WordPress / gutenberg

The Block Editor project for WordPress and beyond. Plugin is available from the official repository.
https://wordpress.org/gutenberg/
Other
10.41k stars 4.16k forks source link

pasteHandler() incorrectly treats some strings as links #46287

Open kadamwhite opened 1 year ago

kadamwhite commented 1 year ago

Description

When selecting some content and trying to paste other content into its place, certain strings are interpreted as links which should not be. This causes the selected text to be converted to an invalid link, instead of replacing the selected text with the clipboard contents.

This occurs because the check for whether a text isURL is to run it through the browser's URL constructor, and any non-error result is treated as proof the string is a URL. Passing a string formatted Word: Other Words into this constructor results in a valid URL object, with not-really-URL contents. For example the string Movie: The Revenge of Sequels II in the example below gets parsed as such:

URL {
    href: "movie: The Revenge of Sequels II"
    origin: "null"
    pathname: " The Revenge of Sequels II"
    protocol: "movie:"
}

movie: is interpreted as a protocol, and The Revenge of Sequels II is treated as the pathname. (Note the leading space in that string.) This is valid on the part of URL, but the likelihood of a user consciously pasting a valid URL with a leading space in the path name seems excruciatingly low.

I propose that we should also check the first character of the pathname on the generated URL object, and assume the content is not a URL if that character is whitespace:

diff --git a/packages/url/src/is-url.js b/packages/url/src/is-url.js
index 1fda847947..34fcc30a2d 100644
--- a/packages/url/src/is-url.js
+++ b/packages/url/src/is-url.js
@@ -17,8 +17,8 @@ export function isURL( url ) {
    // A URL can be considered value if the `URL` constructor is able to parse
    // it. The constructor throws an error for an invalid URL.
    try {
-       new URL( url );
-       return true;
+       const parsed = new URL( url );
+       return parsed.pathname[ 0 ] !== ' ';
    } catch {
        return false;
    }

It's possible I am overlooking some category of URLs where a leading space in the pathname would still be valid, but this heuristic works with every link type I can think of.
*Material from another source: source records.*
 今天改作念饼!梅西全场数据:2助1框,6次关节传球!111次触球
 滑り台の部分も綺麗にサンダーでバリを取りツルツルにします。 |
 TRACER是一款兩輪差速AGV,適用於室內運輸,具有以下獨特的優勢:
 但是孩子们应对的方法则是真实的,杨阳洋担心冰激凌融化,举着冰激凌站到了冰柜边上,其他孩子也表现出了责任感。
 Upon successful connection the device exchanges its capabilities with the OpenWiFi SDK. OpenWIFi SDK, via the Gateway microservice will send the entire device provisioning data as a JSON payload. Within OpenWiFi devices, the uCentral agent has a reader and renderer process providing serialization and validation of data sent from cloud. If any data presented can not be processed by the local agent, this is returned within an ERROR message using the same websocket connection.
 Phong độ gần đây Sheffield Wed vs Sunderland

Step-by-step reproduction instructions

  1. Insert a text block (paragraph, heading, etcetera)
  2. Fill that block with the text "Replace me"
  3. Copy the string Movie: The Revenge of Sequels II to the clipboard
  4. Select the text "Replace me" in the editor
  5. Paste the copied text (Movie: The Revenge of Sequels II) over the text "Replace me"
  6. Observe that, instead of being replaced, "Replace me" is converted into a hyperlink with the destination Movie: The Revenge of Sequels II

Screenshots, screen recording, code snippet

issue reproduction

Environment info

Please confirm that you have searched existing issues in the repo.

Yes

Please confirm that you have tested with all plugins deactivated except Gutenberg.

Yes

Thelmachido commented 1 year ago

I can replicate this issue

WordPress 6.1.1 Gutenberg 14.6.1 TT3 Theme

t-hamano commented 1 year ago

I think protocols are not limited to http or https. Therefore, I think it is correct behavior that isURL() determines movie: as a URL with a custom protocol.

Also, the code you suggested determines that URLs with protocols such as mailto: and tel: are not URLs. My sense is that many users expect these URLs to be pasted as links.

runkit

However, since I think few users will paste URLs with irregular custom protocols, it might be a good idea to determine major protocols as correct URLs.
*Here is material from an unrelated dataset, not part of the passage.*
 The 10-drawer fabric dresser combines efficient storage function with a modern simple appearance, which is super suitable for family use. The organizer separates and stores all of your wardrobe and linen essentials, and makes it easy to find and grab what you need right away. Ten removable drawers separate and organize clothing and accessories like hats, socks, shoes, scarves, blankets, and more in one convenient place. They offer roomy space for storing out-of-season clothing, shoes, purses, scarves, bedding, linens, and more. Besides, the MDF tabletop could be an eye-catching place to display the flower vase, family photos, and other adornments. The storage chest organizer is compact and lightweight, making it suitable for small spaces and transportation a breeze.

t-hamano commented 1 year ago

I noticed that the same issue was discussed in #24895. And PR #28534 is the solution to this problem.

Also, as noted in this comment, an approach using isValidHref function seems to have been attempted.

kadamwhite commented 1 year ago

@t-hamano Thank you for finding the older issue PR, I had not been able to locate that in my own searching!

I do believe that it's unusual for an href to have a space in it. Apple's documentation around tel: links, for example, gives all examples in the format tel:1-.... where there is no space after the protocol. The linked PR by @mrclay checks /^\s/.test( parsed.pathname ) and assumes any pathname starting with whitespace is not valid, which matches my own assumptions.

This issue definitely describes the same problem as #24895.

Mamaduka commented 1 month ago

I believe this was fixed via #53000. The link pasting feature only allows HTTP (s) protocols.

t-hamano commented 1 month ago

The focus of whether this issue can be closed might be whether protocols other than http(s) should also be considered URLs.

According to this comment, protocols such as tel: and mailto: seem to be considered rare. What do you think?

Mamaduka commented 1 month ago

We could update Regex and add those two, but the sites usually use contact forms to avoid spam, and I've not seen the tel: protocol in a while.

@kadamwhite, what do you think?